Multi-level modelling with lmer plotting interactions with sjPlot

I am running a multi-level model with two continuous level 2 predictors (A and B) and a dichotomous level 1 predictor (cond, coded -1 and 1). Y is the dependent variable.

M2<-lmer(Y ~ 1 + (1|subject) + A*cond + B*cond, data, na.action = na.omit)
summary(M2)
tab_model(M2)

This yields the following:

Output

I'm already confused by what it means that the interaction term is written A x cond one time but cond x B the other time.

And when I'm plotting the interactions using:

plot_model(M2, type = c("int"), terms = "Pred*Mod", mdrt.values = c("minmax", "meansd", "zeromax", "quart", "all"), ci.lvl = NA)

For "A x cond" I get a plot with A on the x-axis, for "cond x B" I get a plot with cond on the x-axis.

A x cond cond x B

I would like two plots for each interaction.

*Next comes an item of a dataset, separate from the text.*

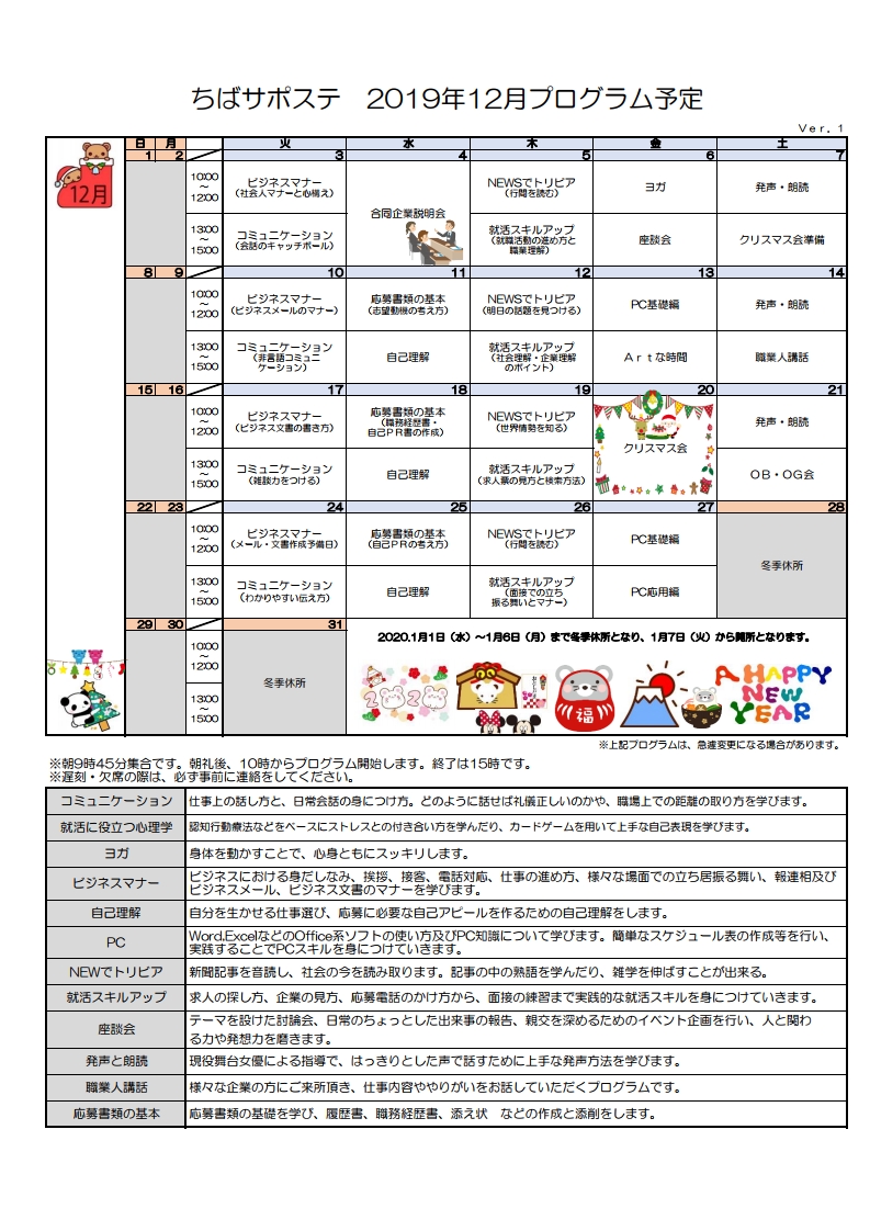 4月のプログラムの内容を記載しました! 新年度スタートは3日(金)からです。 午前中にちばサポステ利用についてのお話をしますので、今まで利用されていた皆さんは全員参加です(*^▽^*) 面談も3日(金)の午後からスタート […]
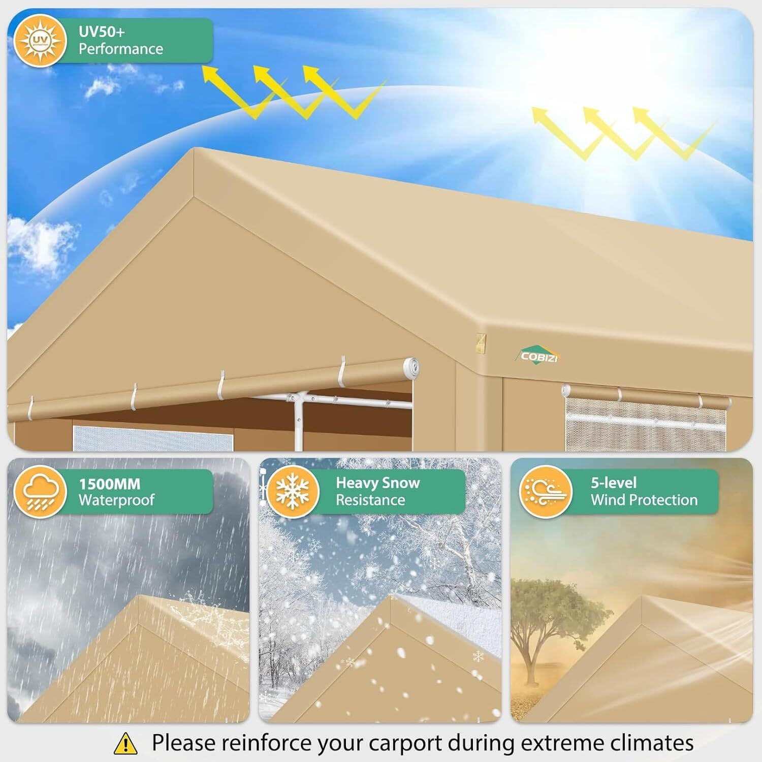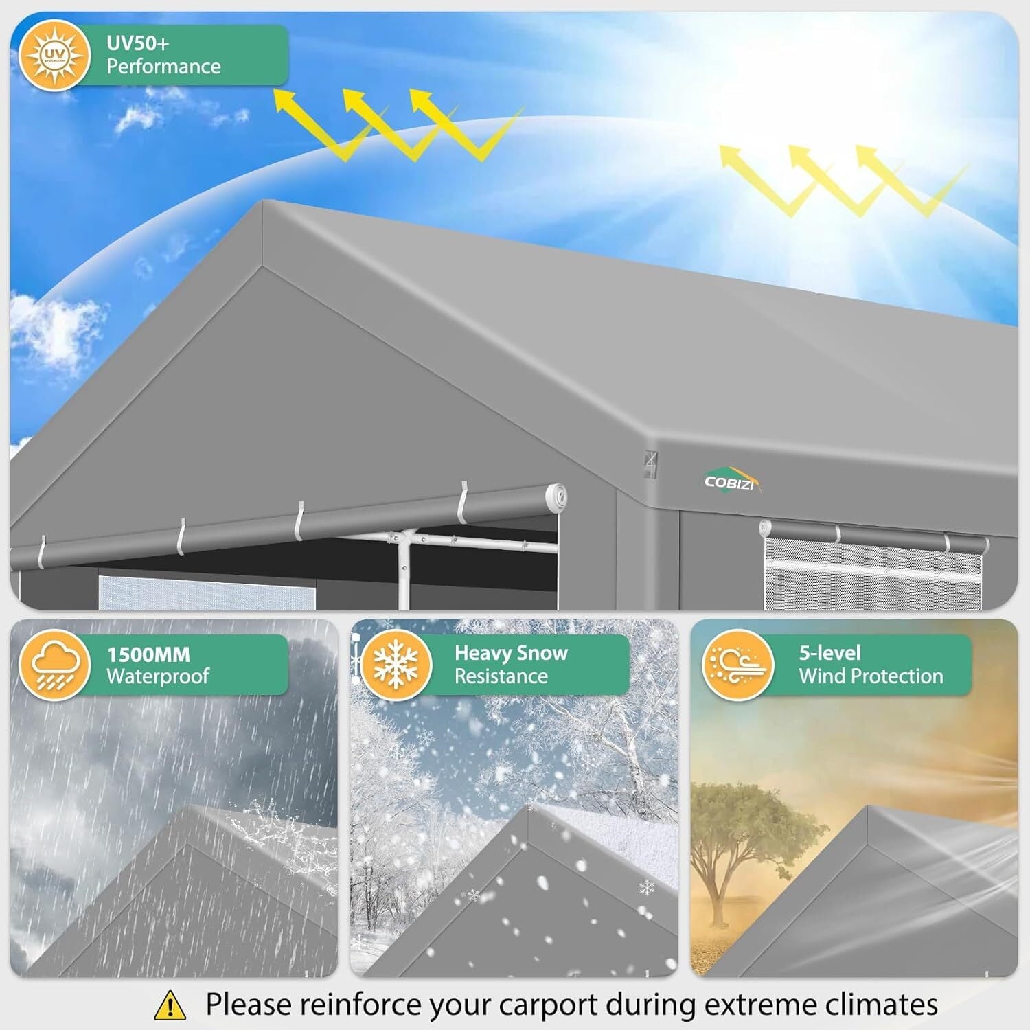 The tarp of our 12x20 carport, crafted from 160gPE material, offers excellent waterproof, ultraviolet-resistant, and tear-resistant properties. It is designed to provide year-round protection for your vehicles.

So for the first case, I would also like one that has cond on the x-axis, for the second case one that has B on the x-axis. I realize this might be a really basic thing but somehow I haven't been able to do it. I would really appreciate any help with this!

EDIT: Here's a link to download the complete data.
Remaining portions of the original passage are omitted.